Hello,
And thank you for listening.
This is something a little bit different than I normally do.
Running a podcast more than just the meditations,
I usually put on something of a face and act,
And with the nature of the Blue Path meditations,
I wanted to do something a little more personal.
So this is a bit of a talk and a discussion just about why I did them and why they are a bit darker than everything else you will find,
Or most stuff else,
I don't claim to have listened to everything on Insight Timer.
But this was a thread immediately picked up on,
And a number of people have reviewed them as not their thing,
And I definitely appreciate that because that's specifically why they're on here.
I thought it would be fun to do sort of a.
.
.
Just a simple guided meditation,
And that was the initial one.
And a few nights later,
I woke up in a cold sweat having panic nightmares,
Not really tying to anything,
Just utterly terrified of death.
And the only thing I can really compare it to is I've been skydiving exactly once,
And wasn't really scared during the skydive,
But I remember falling out and sort of feeling this lurch in my stomach and just sort of this general uncomfortableness,
And I remember thinking,
Oh,
I don't really like this,
Can I get back in the plane now?
And that thought has just been so amusingly ridiculous of you just flung yourself out into open void,
And the first thing is like,
Eh,
I'm done,
Can I get back in the plane?
And I kind of oddly felt that about life.
There was something in the sort of looming emptiness of death that made me kind of just not want to die,
And not scared of death,
But almost more this panicked pointlessness where I just wanted to step out of the whole thing,
Negate the entire existence of it.
And there wasn't anything that really led me to that.
There was no life change,
No depression,
No loss.
It just sort of hit one day.
After that,
There've been sort of a few other reflections,
Recollections,
Some family deaths.
Also a dear friend and teacher of mine has had a stroke.
He hasn't passed away yet,
But he's not in a good place and quickly headed towards that road and has survived longer than I expected.
But he followed a very shamanistic bent and has taught me a lot of things.
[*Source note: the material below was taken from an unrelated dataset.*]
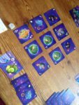 Space Planets is fun to play for or with kids. Nine of the planets in question (cards) are laid out as a 3 x 3 grid, with about a die’s width between them. The planets each have an explorer point value on them, and higher is better in terms of winning the game. Each player starts with four fuel crystals. On your turn, you roll a die, and try and get it to stop on one of the planets.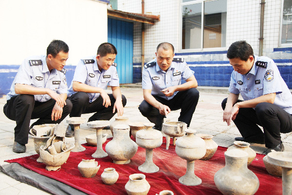 为保护好历史文物,维系文化血脉,临朐县公安局城郊派出所发挥职能作用,对涉文物犯罪严厉打击。在“破案会战”中,民警获取线索,东城街道西朱村村民马某私藏大量古代陶器,涉嫌盗掘古文化遗址、古墓葬犯罪。经缜密侦查,城郊派出所会同刑警二中队将马某抓获,并从马某家中搜出大量文物。随后,民警对查获的文物进行了清点,竟然达25件,而且全是国宝级文物!

And there was something in wanting to honor him that started the sequence of what the Blue Path is.
And as you may guess,
The character in it is deceased.
That is sort of the whole point of the location.
But where he or she,
It doesn't have a gender,
It's just a sort of ephemeral being that is you to some degree,
That being wanders through other allegories.
Each story I tried to label something of a hint,
But also keep it hidden and quiet.
There is a meaning in just about every place there.
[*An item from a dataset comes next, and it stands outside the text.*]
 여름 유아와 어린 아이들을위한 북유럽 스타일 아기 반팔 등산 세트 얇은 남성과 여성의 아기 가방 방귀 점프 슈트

I'm not going to tell them all today,
But the first one is probably the most immediately personal.
There was a book I remember reading,
I don't know what it was called or what it was even about,
Who knows which sort of group or practice it followed from,
But it describes sort of making a meditation space.
And mentally,
Not a physical place,
But something mental where you would go each time.
And that first episode of the Blue Path is mine.
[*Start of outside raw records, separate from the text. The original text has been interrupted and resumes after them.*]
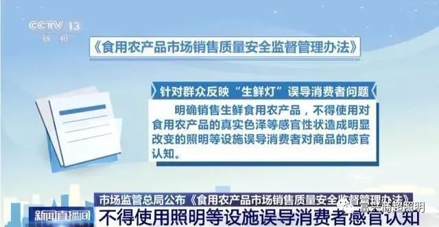 《辦法》第七條提出:銷售生鮮食用農(nóng)產(chǎn)品,不得使用對(duì)食用農(nóng)產(chǎn)品的真實(shí)色澤等感官性狀造成明顯改變的照明等設(shè)施誤導(dǎo)消費(fèi)者對(duì)商品的感官認(rèn)知。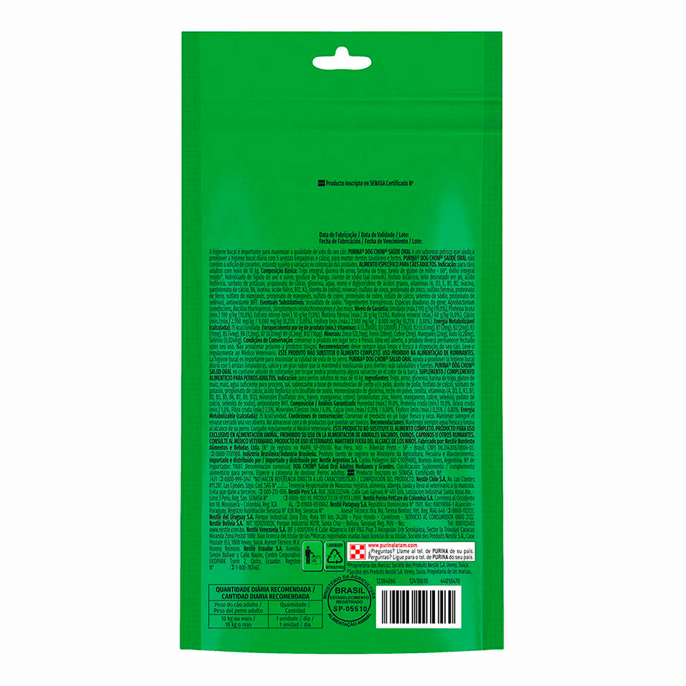 O Petisco Dog Chow Extra Life Saúde Oral é um petisco desenvolvido para promover a saúde bucal de cães adultos de porte médio e grande. Sua fórmula inclui 5 arestas limpadoras que auxiliam na remoção de resíduos e tártaro, além de conter cálcio para fortalecer os dentes.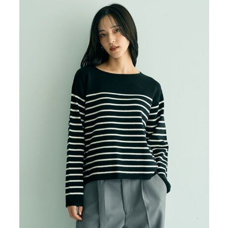 ボートネックが顔まわりをすっきりと演出しつつ、ネックレスやピアスなどを合わせたアクセサリースタイルも引き立てます。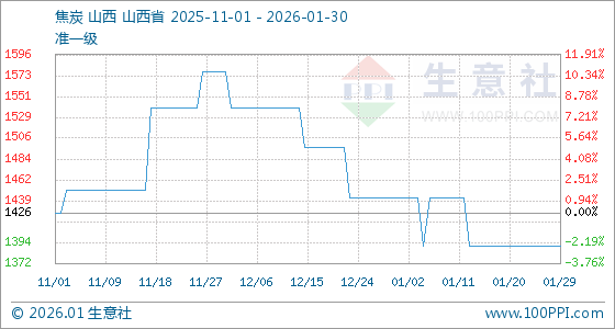 1月30日,生意社焦炭基准价为1391.25元/吨,与本月初(1442.50元/吨)相比,下降了3.55%。

And so I share it with you,
I hope you enjoy it.
Feel free to use it.
Beyond that,
Each discussion is something I personally have struggled with or have watched a struggle.
And all of them tie to that theme because in this sort of panicked state,
This scared,
Confused,
Just wanting to be done with everything situation I found myself in,
The most frustrating piece of it was getting,
Oh it'll be okay,
Oh it's all okay,
Everything's fine,
Oh things will work out for the best,
Oh it'll be alright,
Was such an empty promise and throughout my entire life I've never really clung to that idea of everything will just get better,
Everything will be fine,
Just trust in it and things will get better.
I've always found that very,
Very,
Not just empty,
But kind of half-assed.
It's not acknowledging how hard the world can be and how much pain there is.
And so even as a teenager that didn't mean anything to me,
It just felt empty.
I always wanted something that acknowledged that pain and here I found myself in a place to discuss that and present an observer,
But also an interpreter,
Understanding those challenges,
That suffering in a way that still acknowledges you don't have to be affected by it.
You don't have to take in that pain to move beyond it and to understand and appreciate that it is there.
And so my goal with the Blue Path is hopefully to help you work through whatever struggles you're facing and find a place of peace even in those hard times.
Thank you for listening.
This is Easton,
And I'm not entirely a work of fiction.